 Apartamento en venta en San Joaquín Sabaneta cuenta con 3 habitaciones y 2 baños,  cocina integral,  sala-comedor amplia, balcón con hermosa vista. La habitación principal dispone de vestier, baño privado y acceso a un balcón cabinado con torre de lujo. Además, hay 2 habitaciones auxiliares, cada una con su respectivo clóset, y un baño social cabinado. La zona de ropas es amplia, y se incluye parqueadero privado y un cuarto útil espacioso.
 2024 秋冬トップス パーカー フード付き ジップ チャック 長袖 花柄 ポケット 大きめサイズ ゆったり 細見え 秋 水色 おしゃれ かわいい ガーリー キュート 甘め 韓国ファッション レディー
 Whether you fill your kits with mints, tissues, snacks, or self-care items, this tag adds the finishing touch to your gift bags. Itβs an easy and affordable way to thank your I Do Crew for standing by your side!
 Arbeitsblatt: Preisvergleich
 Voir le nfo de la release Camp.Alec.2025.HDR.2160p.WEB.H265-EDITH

--

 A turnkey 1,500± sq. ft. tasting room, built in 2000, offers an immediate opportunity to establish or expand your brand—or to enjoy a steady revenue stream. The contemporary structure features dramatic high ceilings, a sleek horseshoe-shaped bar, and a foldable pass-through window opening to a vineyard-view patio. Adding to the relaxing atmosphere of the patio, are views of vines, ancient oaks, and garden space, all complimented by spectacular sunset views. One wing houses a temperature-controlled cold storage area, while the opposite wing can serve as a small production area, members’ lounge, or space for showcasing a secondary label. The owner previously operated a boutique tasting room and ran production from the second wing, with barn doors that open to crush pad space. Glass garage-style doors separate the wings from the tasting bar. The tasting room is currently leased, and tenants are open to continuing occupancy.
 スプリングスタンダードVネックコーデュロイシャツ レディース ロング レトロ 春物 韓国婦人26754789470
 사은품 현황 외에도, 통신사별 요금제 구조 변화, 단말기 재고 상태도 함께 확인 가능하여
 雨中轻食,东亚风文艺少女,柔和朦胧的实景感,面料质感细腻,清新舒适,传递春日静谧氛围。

--

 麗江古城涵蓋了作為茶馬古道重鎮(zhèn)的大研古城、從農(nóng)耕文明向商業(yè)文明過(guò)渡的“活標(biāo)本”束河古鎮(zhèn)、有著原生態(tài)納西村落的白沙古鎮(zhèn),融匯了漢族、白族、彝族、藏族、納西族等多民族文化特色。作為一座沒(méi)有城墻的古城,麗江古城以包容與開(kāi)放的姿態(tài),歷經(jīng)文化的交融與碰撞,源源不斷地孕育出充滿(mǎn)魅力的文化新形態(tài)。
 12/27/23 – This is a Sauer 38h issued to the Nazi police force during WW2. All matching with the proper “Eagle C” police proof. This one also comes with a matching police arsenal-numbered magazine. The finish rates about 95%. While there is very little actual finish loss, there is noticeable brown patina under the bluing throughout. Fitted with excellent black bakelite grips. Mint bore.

**TASK GOAL:** Please output exactly the lines between the one holding "Apartamento en venta" and the one holding "Voir le nfo" in the records above, inclusive, and nothing more.

**WRITTEN ANSWER:**
 Apartamento en venta en San Joaquín Sabaneta cuenta con 3 habitaciones y 2 baños,  cocina integral,  sala-comedor amplia, balcón con hermosa vista. La habitación principal dispone de vestier, baño privado y acceso a un balcón cabinado con torre de lujo. Además, hay 2 habitaciones auxiliares, cada una con su respectivo clóset, y un baño social cabinado. La zona de ropas es amplia, y se incluye parqueadero privado y un cuarto útil espacioso.
 2024 秋冬トップス パーカー フード付き ジップ チャック 長袖 花柄 ポケット 大きめサイズ ゆったり 細見え 秋 水色 おしゃれ かわいい ガーリー キュート 甘め 韓国ファッション レディー
 Whether you fill your kits with mints, tissues, snacks, or self-care items, this tag adds the finishing touch to your gift bags. Itβs an easy and affordable way to thank your I Do Crew for standing by your side!
 Arbeitsblatt: Preisvergleich
 Voir le nfo de la release Camp.Alec.2025.HDR.2160p.WEB.H265-EDITH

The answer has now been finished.